Something else that QuickTest Pro lets you do that RIATest does not is perform “data dips” or, to put it in layman’s terms, query a database during functional testing. This can be useful for validating non-visual system state.
For example, let’s say that you have an application that allows you to change user information, and that the requirements dictate that whenever the user information is changed, a last modified date on the user’s record should be updated. If the last modified date is not visible as a label within the Flex app, RIATest can’t validate that the last modified date has changed, since it can only validate the state of Flex components. In this scenario, you’d typically want to
(a) execute a functional test to change a user’s info,
(b) validate the changes to the UI after the user’s information is saved and loaded again for viewing, and
(c) check the state of the database to validate that the last modified date has indeed been updated.However, since RIATest doesn’t offer data dip functionality, step (c) would be impossible without manual intervention from a QA tester. This is where riatest-integrator comes in.

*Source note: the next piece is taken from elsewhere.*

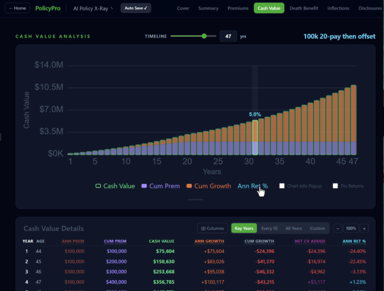 When you’re doing Infinite Banking — when you’re actually borrowing against the policy, repaying, borrowing again — you need to see year-over-year returns, not just a cumulative IRR. Because the timing of your borrowing matters. When the policy is negative in year one and then running at 4.5% tax-equivalent by year five, that changes how and when you use it.

Thankfully, the RIATest developers put a special object in RIATest called Process. Process allows you to execute an external process, and interact with its input, output, and error streams. Once I discovered this, I decided to write a little Java library that would make it easy for me to fire up a Java process from the command line, hook RIATest to its input and output streams, and write input from RIATest to it. The process would then pass the input to some kind of integration inside of the Java process, and return output from the integration for inspection by RIATest. This turned out to be pretty easy as expected, and I published the library to Google Code under the name riatest-integrator.
Currently, there is a download available on the Google Code site that lets you query MySQL databases right out of the box. There is a sample RIATest script on the home page of the project showing how you can call it from RIATest and validate output coming back from the database. It’s a really simple implementation, but if people are interested in it, I’ll add more features and functions. The API is also really straightforward, so any Java developer with even the most modest skills should be able to customize it to their needs.
The API in the library is not limited to SQL; anything that Java can talk to can be hooked in to. We have some proprietary back-end servers at Highwinds that speak NNTP, so we could easily write an NNTP integration that allows us to have RIATest query the state of our NNTP message groups after actions are taken in our Flex apps.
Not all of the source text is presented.